Starbucks’ stock closed down more than 9% on Wednesday, marking the company’s largest single-day percentage decline since July 2017. The company was the worst performer on both the S&P 500 and the Nasdaq 100. The $52.22 price per share is a new 52-week closing low.

“While certain demand headwinds are transitory, and some of our cost increases are appropriate investments for the future, our recent performance does not reflect the potential of our exceptional brand and is not acceptable,” Starbucks CEO and President Kevin Johnson said in a statement. “We must move faster to address the more rapidly changing preferences and needs of our customers.”

The chain, which operates more than 8,000 U.S. stores, said the changes were made to address the weaker-than-expected sales growth, adding that several digital initiatives were expected to add 1% to 2% in comparable sales in fiscal 2019.

Johnson has also been dealing with a P.R. crisis after the controversial arrests of two African-American men at a Philadelphia Starbucks in April. Following the incident, Johnson promptly announced plans to close 8,000 company-owned stores for a portion of the day on May 29 for anti-bias training.

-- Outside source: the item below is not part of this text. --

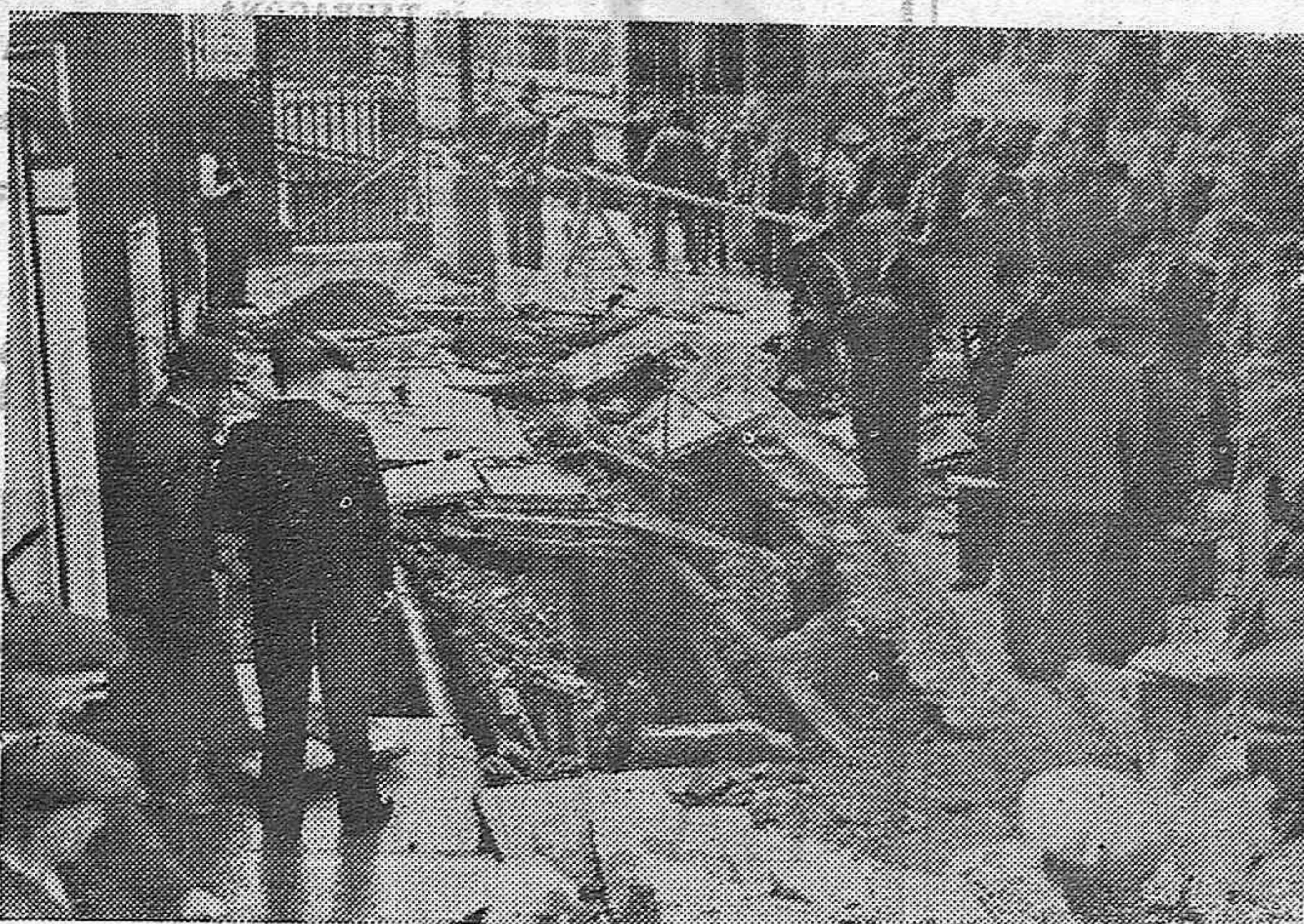
Cuando mayor era el tránsito en una de las principales calles de Londres, por causas desconocidas hizo explosión una gran cañería de agua, tirando grandes torrentes de agua por la calle, impidiendo el tránsito por la misma durante varias horas. Vista de los destrozos por la explosión de la cañería.

After the training, which he also took, Johnson told FOX Business his stores should be “A place that’s not your home and not your work, but a place that’s a warm, welcoming environment and a sense of belonging for all.”

The latest round of financial changes came weeks after Starbucks Executive Chairman Howard Schultz announced he would leave the role in June. Schultz is widely rumored to have political aspirations.

On a positive note, Starbucks said it will return an additional $25 billion more to shareholders than initially planned in the form of share buybacks and dividends. The company will hike its dividend 20% to 36 cents per share.